- _Work required_: The reply should hold only the lines below beginning at the one with "6 tenders de" and ending at the one with "日付で使用する主な記号にはそ", copied exactly, with every picture left out.
┏━━
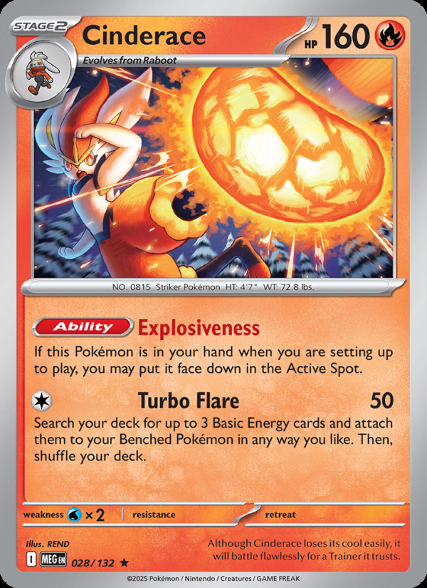 Dankzij het type Fire en de Rare zeldzaamheid kan Cinderace (028) een belangrijke rol spelen in uiteenlopende deckstrategieën. Spelers die hun deck slim opbouwen, combineren deze kaart vaak met ondersteunende trainers, energiekaarten en andere Pokémon uit Mega Evolution. Zo ontstaat een deck waarmee je tegenstanders onder druk zet en tegelijkertijd controle houdt over het spelverloop. Door verschillende lijsten te testen, ontdek je al snel welke combinaties rond deze Pokémon kaart het beste bij jouw speelstijl passen. Zo haal je zowel competitief als casual het maximale uit Cinderace.
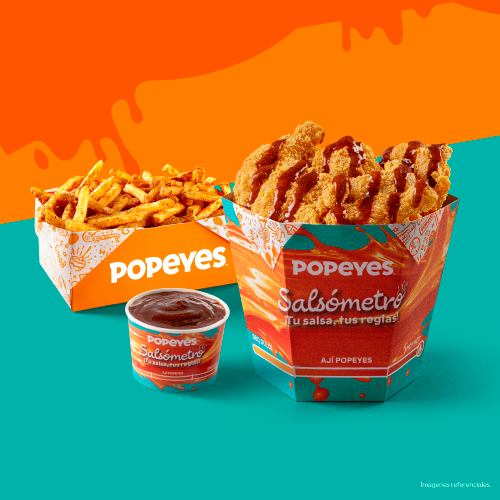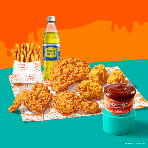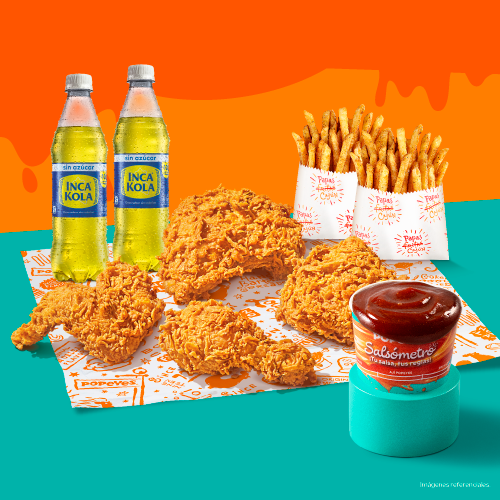 6 tenders de pechuga crispy o 14 nuggets o 10 alitas + 1 papa cajún familiar + 2 salsas (2 oz). Añade +6 soles 2 gaseosas de 500 ml.
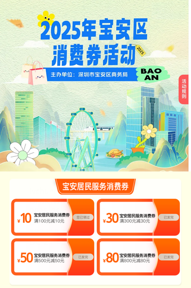 据了解,此次惠民活动由宝安区商务局携手美团、快手联合举办,其初衷在于切实降低市民品质生活成本,并助推消费市场进一步良性循环。6月初至7月中旬间,将在美团及大众点评平台按周发放电子消费券,消费券有效期最长7天,每轮活动中,消费者可领取每种面额的券均1张,用户在平台搜索“宝安区电子消费券”即可进入活动页面领券。
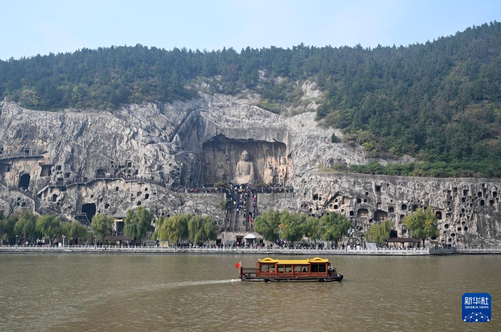 11月4日,游客在河南省洛阳市龙门石窟景区游玩。
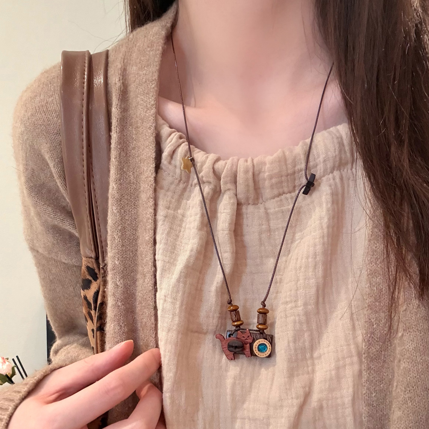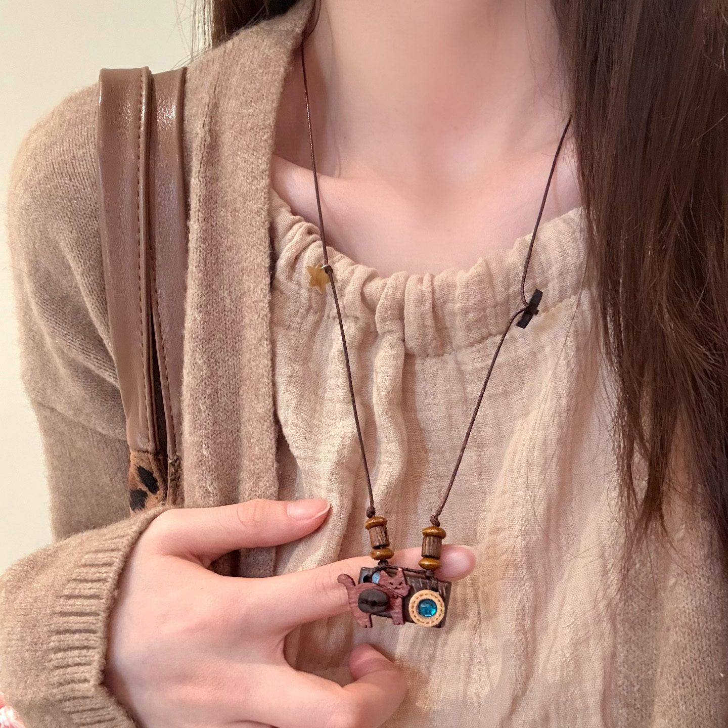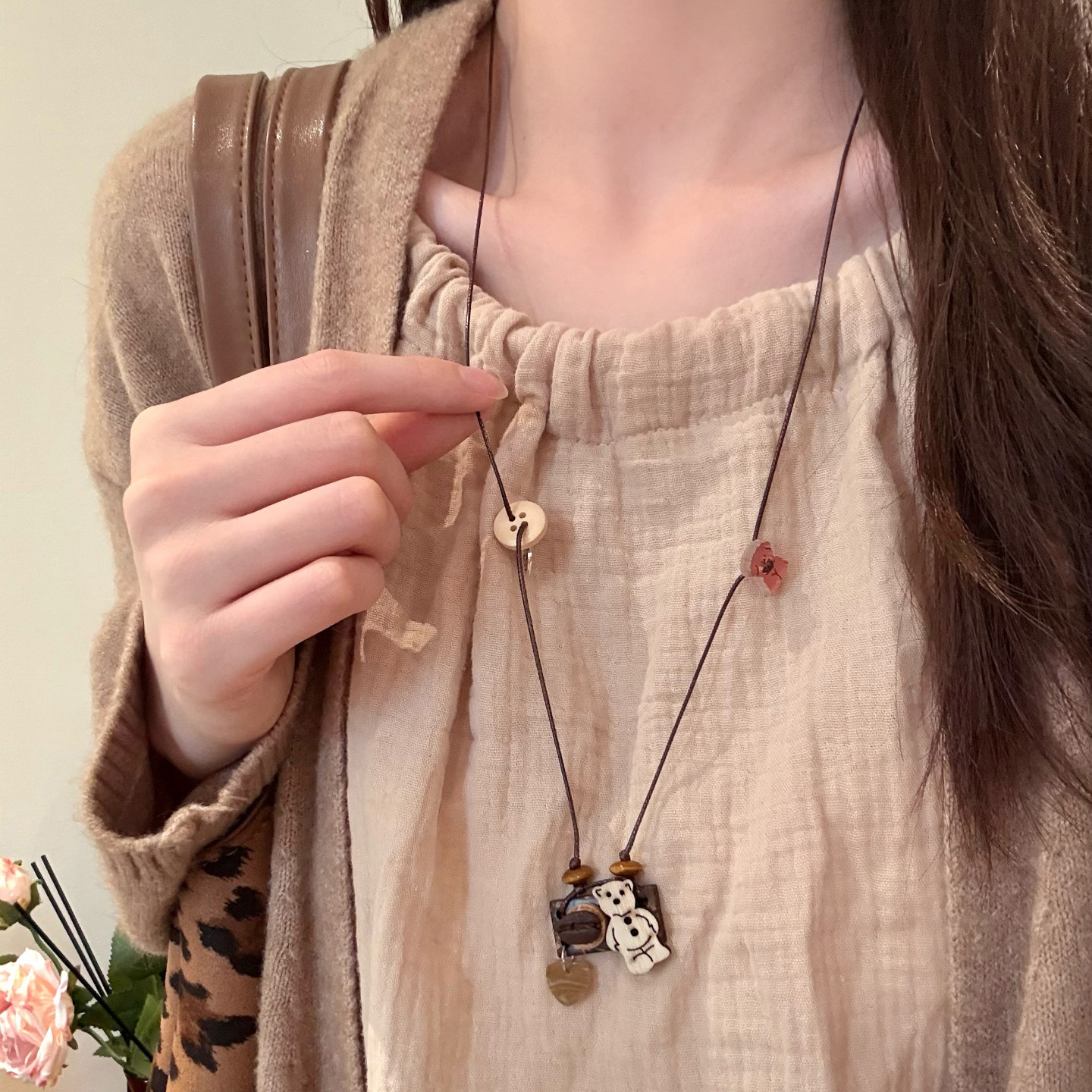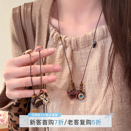 HEY TAO秋冬可爱木质小熊猫咪椰壳项链长款时尚复古毛衣链配饰女
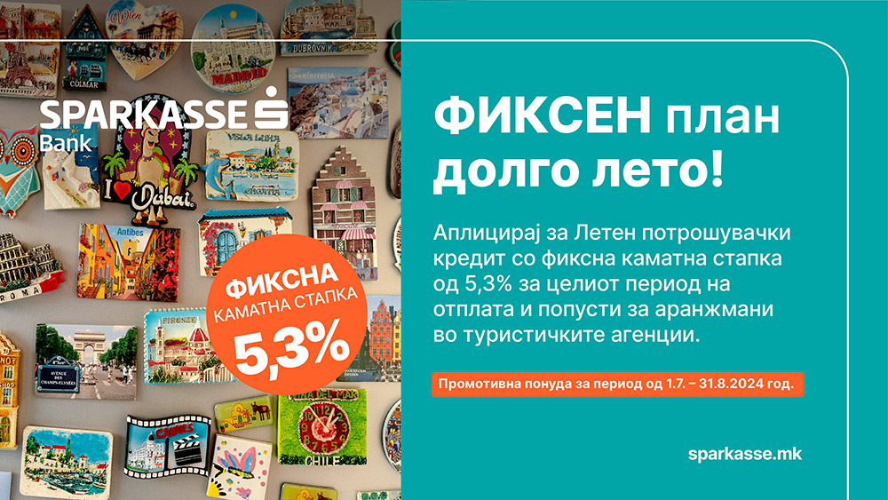 Новиот Летен потрошувачки кредит наменет за патување, со фиксна каматна стапка за целиот период од 5,3%, максимален износ до 180.000 денари и рок на отплата до 48 месеци, е активен од 1.7.2024 до 31.8.2024 година и е со вклучена полиса за животно/неживотно осигурување.
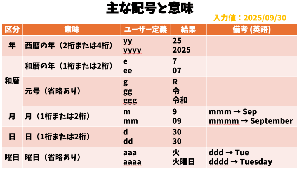 日付で使用する主な記号にはそれぞれ役割があります。代表的な記号と意味は、以下のとおりです。
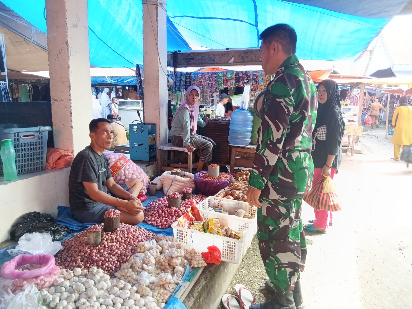 Sidrap – Babinsa Kel. Lancirang Koramil 05/Dua Pitue Peltu Muh. Ridwan melaksanakan kegiatan pemantauan ketersediaan dan harga bahan pokok bertempat di Pasar Tradisional Lancirang Kel. Lancirang Kec. Pitu Riawa Kab. Sidrap, Sabtu (12/07/25)
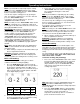 Troubleshooting PROBLEM POSSIBLE CAUSE POSSIBLE SOLUTION Oven will not start 1. Electrical cord is not plugged in. 2. Door is open. 3. Wrong operation is set. 1. Plug into the outlet. 2. Close the door and try again. 3. Check instructions. Arcing or sparking 1. Materials to be avoided in microwave oven were used. 2. The oven was operated when empty. 3. Spilled food remains in the cavity. 1. Use microwave-safe cookware only. 2. Do not operate with oven empty. 3. Clean cavity with wet towel.
┗━━
- _Problem solution_:
 6 tenders de pechuga crispy o 14 nuggets o 10 alitas + 1 papa cajún familiar + 2 salsas (2 oz). Añade +6 soles 2 gaseosas de 500 ml.
 据了解,此次惠民活动由宝安区商务局携手美团、快手联合举办,其初衷在于切实降低市民品质生活成本,并助推消费市场进一步良性循环。6月初至7月中旬间,将在美团及大众点评平台按周发放电子消费券,消费券有效期最长7天,每轮活动中,消费者可领取每种面额的券均1张,用户在平台搜索“宝安区电子消费券”即可进入活动页面领券。
 11月4日,游客在河南省洛阳市龙门石窟景区游玩。
 HEY TAO秋冬可爱木质小熊猫咪椰壳项链长款时尚复古毛衣链配饰女
 Новиот Летен потрошувачки кредит наменет за патување, со фиксна каматна стапка за целиот период од 5,3%, максимален износ до 180.000 денари и рок на отплата до 48 месеци, е активен од 1.7.2024 до 31.8.2024 година и е со вклучена полиса за животно/неживотно осигурување.
 日付で使用する主な記号にはそれぞれ役割があります。代表的な記号と意味は、以下のとおりです。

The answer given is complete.